Through her mother, she was a granddaughter of the then king Victor Amadeus of Sicily. Her mother was Maria Vittoria Francesca, legittimata di Savoia, Marchesa di Susa, a legitimised daughter of Victor Amadeus II and his maîtresse-en-titre, Jeanne Baptiste d'Albert de Luynes.

She grew up in Paris, their parents fleeing the court of Savoy due to embarrassingly large debts. Their parents arrived in Paris during the regency of Philippe d'Orléans (1715–1723), regent of the Kingdom for the infant Louis XV.

Her husband to be was Charles de Rohan, the widower of Anne Marie Louise de La Tour d'Auvergne, a granddaughter of Marie Mancini. As head of the cadet branch of the House of Rohan, Charles bore the titles Prince de Soubise and Duke of Rohan-Rohan. He became a Marshal of France in 1758, and served as a minister to Louis XV and Louis XVI. Orphaned at the age of 9, he was a notorious libertine.

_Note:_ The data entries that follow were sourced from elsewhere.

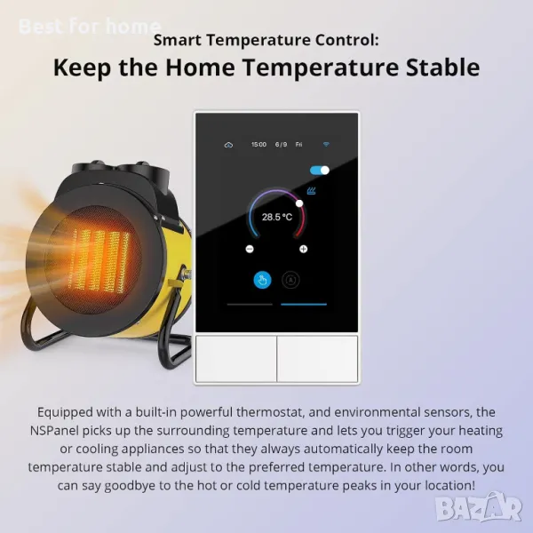 NSPanel Smart Scene Wall Switch е оборудван с вграден мощен термостат и сензори за околната среда. Можете да зададете различни вътрешни температури за различни периоди от време и NSPanel автоматично ще задейства оборудването за отопление или охлаждане според вашите зададени условия, за да поддържа комфортна температура в стаята.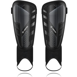 Upgraded Soccer Shin Guards for Kids Youth Adults, CE Certified AirsFish Shin Guard Sleeves Protection Gear for Boys Girls Soccer Games EVA Cushion Reduce Shocks and Injuries (Medium, Black)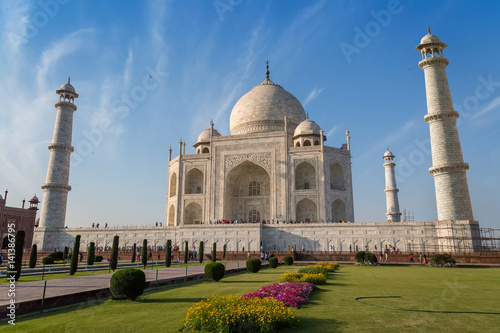 Taj Mahal - A white marble mausoleum built on the banks of the Yamuna river by Mughal king Shahjahan bears the heritage of Indian Mughal architecture.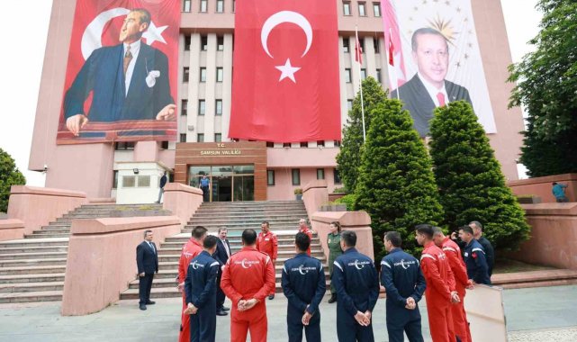 Milli Mücadele'nin ilk adım şehri Samsun'da gerçekleştirilecek olan gösteri uçuşu öncesinde, Türk Hava Kuvvetleri'nin gurur kaynağı pilotları Samsun Valiliği'ni ziyaret etti. Gökyüzünün cesur kartalları, Vali Orhan Tavlı'ya hem SOLOTÜRK hem de Türk Yıldızları logolu tabloları imzalayarak takdim etti.

The couple married in the original (vieux) donjon of the château de Rohan in the town of Saverne on 6 November 1741. Presiding over the ceremony was the bridegroom's brother, Armand de Rohan, bishop of Strasbourg. Anne Thérèse had a step-daughter, Charlotte de Rohan, future wife of Louis Joseph de Bourbon, prince de Condé and grandmother of Louis Antoine Henri de Bourbon, Duke of Enghien, an émigré whose seizure and execution by personal order of Napoleon I would shock Europe in 1804.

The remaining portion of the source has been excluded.